На нем были легкие домашние туфли, широкие мягкие брюки и
рубашка защитного цвета. Леонид Ильич выглядел бодрым, улыбался.
Лицо его после физкультуры на свежем воздухе и обливаний
раскраснелось, глаза блестели. Жаль портить Генсеку такое хорошее
настроение, но придется.
— Присоединишься к нам за завтраком? — предложил Брежнев.
— Конечно, Леонид Ильич, — я не стал отказываться, тем более,
что вчерашний ужин в советском посольстве я проигнорировал,
ограничившись чаем.
Завтракали втроем. Леонид Ильич, Виктория Петровна и я. Михаил
Солдатов, который обычно присутствовал за завтраком, сегодня
сослался на служебные дела и отказался, хотя как я подозреваю, на
самом деле он не хотел мешать моему доверительному разговору с
Брежневым.
Леонид Ильич похвалился успехами, рассказал, что похудел еще на
два килограмма. Осталось скинуть шесть — и вес будет совсем в
норме. На завтрак подали омлет и салат, но у меня вдруг пропал
аппетит. Я слушал Брежнева и не знал, как перевести разговор на
текущие дела.
Но помогла Виктория Петровна.
— Владимир, мы очень расстроились из-за статьи про Горбачева,
неужели все так и было? — спросила она. — Просто не верится, что
сразу, только ступив на английскую землю, супруга Михаила
Сергеевича понеслась по магазинам. У нее что, обуви нет что ли?
Вроде бы одевается со вкусом. Или может быть я, по старости лет,
что-то не понимаю?
— Да какая же ты у меня, Витя, старая? Ты у меня молодая и
вполне современная, — Леонид Ильич тепло посмотрел на супругу и
накрыл ее ладонь своей. Виктория Петровна благодарно улыбнулась в
ответ.
— Все вы правильно понимаете, Виктория Петровна. И все
действительно так и было. Даже не доехав до посольства, они по
дороге завернули в магазин.
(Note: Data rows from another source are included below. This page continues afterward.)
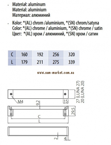 Ручка мебельная UA-LUNA20-256-AL хром / алюминий GTV (15156) - (192.25 грн.)
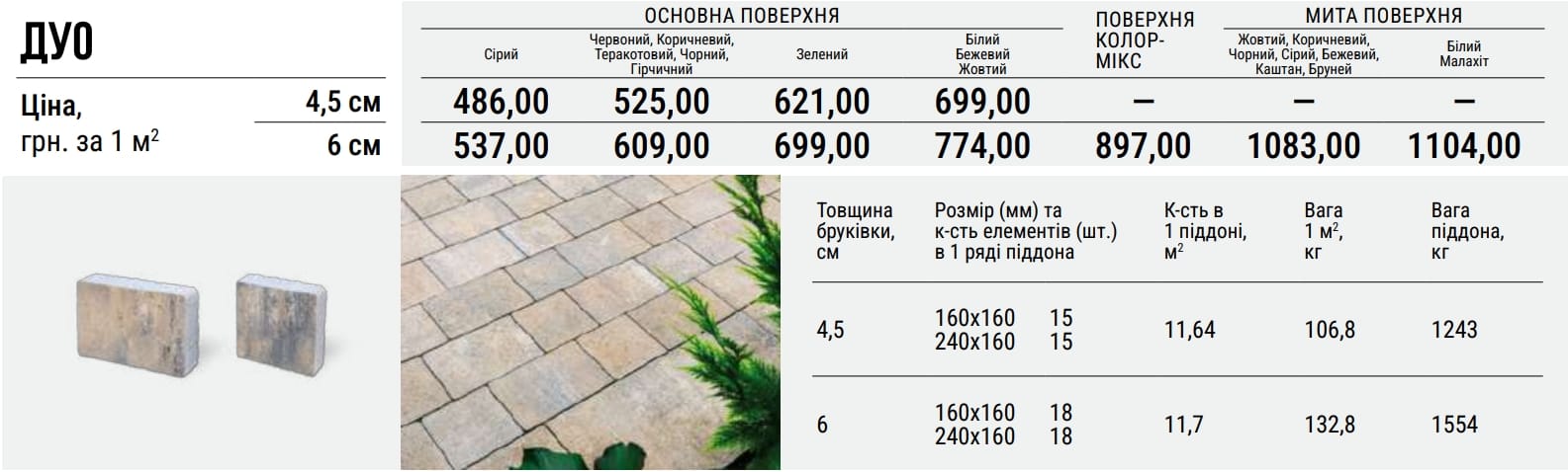 То ж якщо ваш девіз — мінімалізм та простота, сміливо обирайте дану бруківку і будьте певні, що потрапите у тренди сучасного дизайну. Тротуарна плитка Дуо найкраще виглядатиме у геометричних схемах укладання з повторюваними елементами. А найбільш стильною буде однотонна поверхня світлих відтінків.
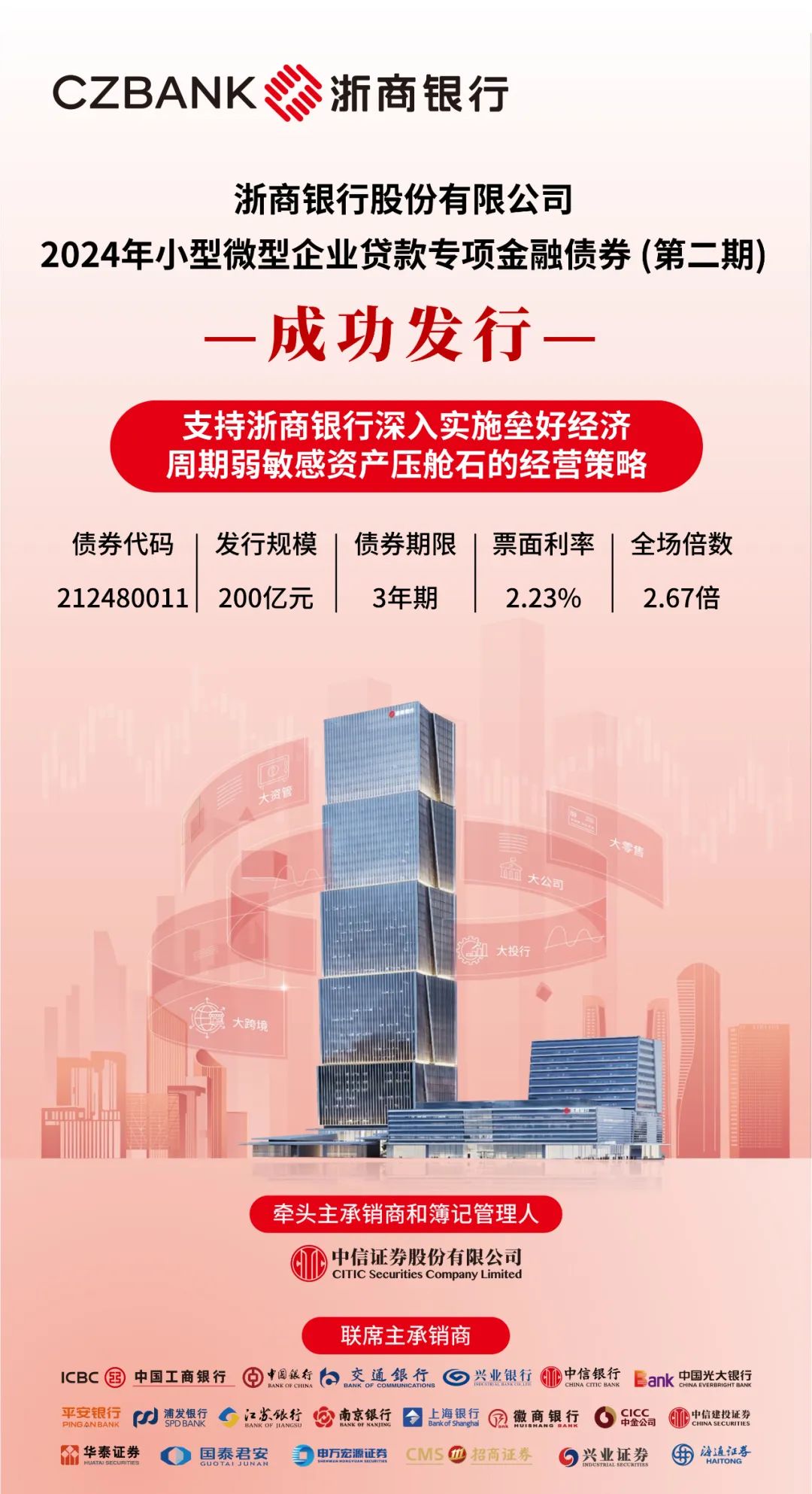 本期债券发行规模200亿元,期限3年,票面利率2.23%,全场倍数2.67倍。本次发行吸引了130余家投资者参与认购,涵盖国有大型银行、股份制银行、城商行、农商行、境外行、理财子、基金、券商、保险等各类投资机构,体现了市场对浙商银行垒好经济周期弱敏感资产压舱石经营策略及小微金融业务高质量发展的充分认可。

Я сам присутствовал при покупке этих
злосчастных туфель. К сожалению, остановить ни Горбачева, ни его
супругу не смог. Леонид Ильич, боюсь, эта статья только
цветочки.
— Ну что ж, будем принимать меры. Хотя не хотелось бы жизнь
человеку портить. Все-таки Горбачев молодой еще, мог разок
ошибиться. Может быть, как-то получится сгладить?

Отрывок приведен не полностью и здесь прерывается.